Clinicians were significantly slower to deescalate antibiotics rather than escalate antibiotics, he said, and day shift results led to significantly faster change in antibiotics than night shift results. The worst time for antibiotic changes was between 12 and 6 AM.

“Acting on and performing these tests is a human-based endeavor,” Dr. Davis said, “and you need humans to act on it and decide to make the change when you can.”

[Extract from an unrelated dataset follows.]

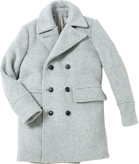 5番単糸のカシミアを二重織し、アザミ起毛を施したピーコート。安定感のある本格派の肉厚生地なので、一生ものの冬アウターとして重宝すること間違いなし。ほかにはない、ライトグレーのカラートーンも魅力だ。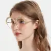 Be explorative with Lucy. Talking about looking elegant but catchy, Lucy may offer just the right vibe for you. The slender design with round rims, a firm golden bridge, and slim temples radiate elegance. You won't miss the half rainbow ornaments covering the upper part of the rims, enhancing your cheerful look. The rainbow color may expose your explorative side, giving away a welcoming impression. Made out of metal Lucy is sturdy and durable. Its lenses can be personalized to progressive or bifocal, so you may find immediate comfort wearing it.

Without good genotypic methods to rapidly rule out antibiotic determinants, “we ideally can get faster phenotypic susceptibility testing,” Dr. Davis said. “The gold standard—the best and top-shelf option—is the Accelerate PhenoTest BC system that does identification and susceptibility testing at once.”

But there are also opportunities to use existing technologies, like rapid ESBL screens for Gram-negative rod blood cultures, or direct inoculation of blood culture broth into automated microbroth instruments, he said. His laboratory at Providence Sacred Heart Medical Center uses the BD Phoenix for direct susceptibility and reduced its time to AST report from 44.3 hours to 17.6 hours.

New assays in the pipeline include the T2 system, which has a direct-from-blood (not blood culture) resistance panel. “Whether that makes sense depends on how results are going to be used,” Dr. Davis noted. On the market are broader panels of multidrug resistant genes, he said, citing the Check-MDR Microarray panel (Powell EA, et al. Microb Drug Resist. 2020;26[7]:825–830) and Acuitas MDRO Gene Test (for urine isolates). But those mean extensive testing on all bloodstream infections, which Dr. Davis described as “questionable” in terms of cost/benefit and “challenging to bring on board.” 

Amy Carpenter Aquino is CAP TODAY senior editor.